Тбилиси моего детства был городом пестрым, но и там мимикрия считалась видом национального спорта. Это была не трусость — это была попытка проскочить сквозь сито государственного антисемитизма.

Моя одноклассница Валя Булович, чьи родители могли бы иллюстрировать Тору, с пеной у рта доказывала свою коренную русскость. А Поля Левинец (в журнале — чистокровная украинка), та самая, что подложила под мою костлявую задницу наточенный карандаш, — на поверку оказалась Левиной. В начале семидесятых она со свистом исчезла из классного журнала, внезапно обнаружив дорогу к Стене Плача.

Когда мы с мужем жили в Москве, соседка по лестничной клетке, глядя на мой славянский профиль, создала целую конспирологическую теорию. Она была уверена, что я — подкидыш. «Ну посмотри на себя, Нелли, — шептала она, — ну какая ты Гельфонд? Тебя явно подобрали у ворот приюта из жалости к арийской расе».

Апофеоза этот цирк достиг в очереди к американскому посольству. Раннее утро, сизый московский туман, номер, выведенный химическим карандашом на запястье. Очередь жила своей нервной, предполетной жизнью: бутерброды с сыром, шуршание газет и полушепот о том, «пустят или нет».

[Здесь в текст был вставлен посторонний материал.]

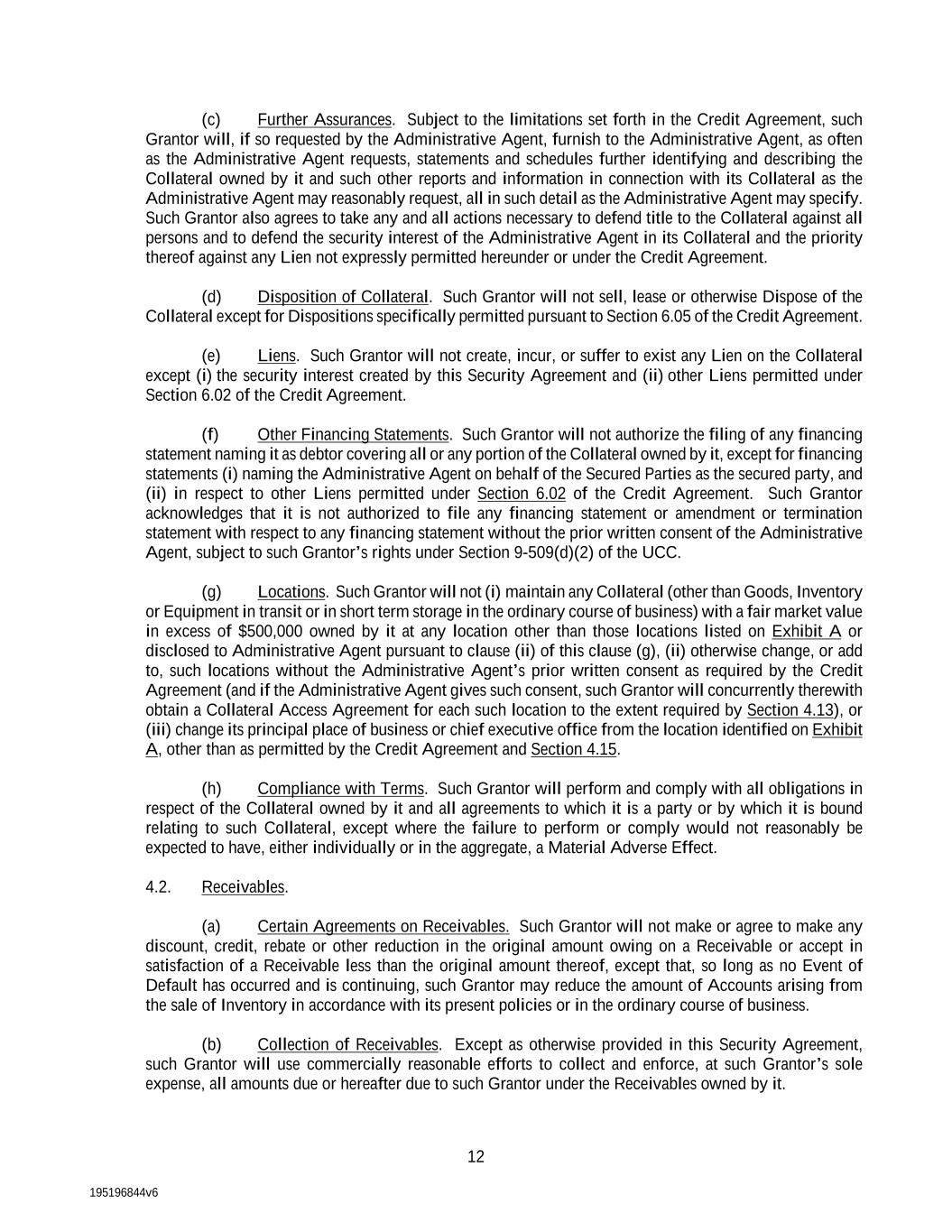 195196844v6 12 (c) Further Assurances. Subject to the limitations set forth in the Credit Agreement, such Grantor will, if so requested by the Administrative Agent, furnish to the Administrative Agent, as often as the Administrative Agent requests, statements and schedules further identifying and describing the Collateral owned by it and such other reports and information in connection with its Collateral as the Administrative Agent may reasonably request, all in such detail as the Administrative Agent may specify. Such Grantor also agrees to take any and all actions necessary to defend title to the Collateral against all persons and to defend the security interest of the Administrative Agent in its Collateral and the priority thereof against any Lien not expressly permitted hereunder or under the Credit Agreement. (d) Disposition of Collateral. Such Grantor will not sell, lease or otherwise Dispose of the Collateral except for Dispositions specifically permitted pursuant to Section 6.05 of the Credit Agreement. (e) Liens. Such Grantor will not create, incur, or suffer to exist any Lien on the Collateral except (i) the security interest created by this Security Agreement and (ii) other Liens permitted under Section 6.02 of the Credit Agreement. (f) Other Financing Statements. Such Grantor will not authorize the filing of any financing statement naming it as debtor covering all or any portion of the Collateral owned by it, except for financing statements (i) naming the Administrative Agent on behalf of the Secured Parties as the secured party, and (ii) in respect to other Liens permitted under Section 6.02 of the Credit Agreement. Such Grantor acknowledges that it is not authorized to file any financing statement or amendment or termination statement with respect to any financing statement without the prior written consent of the Administrative Agent, subject to such Grantor’s rights under Section 9-509(d)(2) of the UCC. (g) Locations. Such Grantor will not (i) maintain any Collateral (other than Goods, Inventory or Equipment in transit or in short term storage in the ordinary course of business) with a fair market value in excess of $500,000 owned by it at any location other than those locations listed on Exhibit A or disclosed to Administrative Agent pursuant to clause (ii) of this clause (g), (ii) otherwise change, or add to, such locations without the Administrative Agent’s prior written consent as required by the Credit Agreement (and if the Administrative Agent gives such consent, such Grantor will concurrently therewith obtain a Collateral Access Agreement for each such location to the extent required by Section 4.13), or (iii) change its principal place of business or chief executive office from the location identified on Exhibit A, other than as permitted by the Credit Agreement and Section 4.15. (h) Compliance with Terms. Such Grantor will perform and comply with all obligations in respect of the Collateral owned by it and all agreements to which it is a party or by which it is bound relating to such Collateral, except where the failure to perform or comply would not reasonably be expected to have, either individually or in the aggregate, a Material Adverse Effect. 4.2. Receivables. (a) Certain Agreements on Receivables. Such Grantor will not make or agree to make any discount, credit, rebate or other reduction in the original amount owing on a Receivable or accept in satisfaction of a Receivable less than the original amount thereof, except that, so long as no Event of Default has occurred and is continuing, such Grantor may reduce the amount of Accounts arising from the sale of Inventory in accordance with its present policies or in the ordinary course of business. (b) Collection of Receivables. Except as otherwise provided in this Security Agreement, such Grantor will use commercially reasonable efforts to collect and enforce, at such Grantor’s sole expense, all amounts due or hereafter due to such Grantor under the Receivables owned by it.

Рядом со мной стояла пара, сошедшая с полотен Шагала в их более приземленном, бытовом варианте. Дама, фасоном напоминавшая мою оршанскую тетю Соню, окинула мой «прибалтийский» лик взглядом, полным классовой ненависти, и прошипела мужу:
— Хаимеле... а шиксе ин дер рэй? Ваз махт зи до? (Хаим, что эта гойка делает в нашей очереди?)

Хаим, сосредоточенно сражавшийся с бутербродом, пробормотал:
— Зи из ви а гойте фун Рига… (Да брось, она из этих, из рижских...)
— Таки что она себе думает? — не унималась мадам. — Шиксе в кугл не помеха? Эта очередь для нас, а не для прогулок!

Я поняла: пора доставать козыри. В моих закромах пылился идиш — не академический, а тот самый, домашний, пахнущий бабушкиными шкварками.
— Шиксе, шмиксе… — бросила я, лениво поправляя свои белокурые пряди. — Их бин а Ид, ун ду золст зих шемен! (Я еврейка, и это вам должно быть стыдно!)

Тишина стала такой плотной, что её можно было резать ножом для мацы. Бутерброд в руках Хаима задрожал.
— Штойс! — выдохнул он. — Она таки умеет говорить…
— К’лойст зих... — запричитала дама, мгновенно меняя гнев на милость. — А мы-то грешным делом подумали... Ду бист а идишке? Настоящая?

Я не стала вступать в дискуссию о стандартах качества. «Своя среди чужих, чужая среди своих» — эта формула стала моим личным гражданством. Даже в Израиле, спустя годы, меня продолжают пытать: «Неужели у вас в роду действительно были евреи?».

Стереотипы — штука живучая. Мы так привыкли защищаться от чужих клеток, что не заметили, как сами начали подкрашивать их прутья, чтобы они гармонировали с нашими представлениями о прекрасном.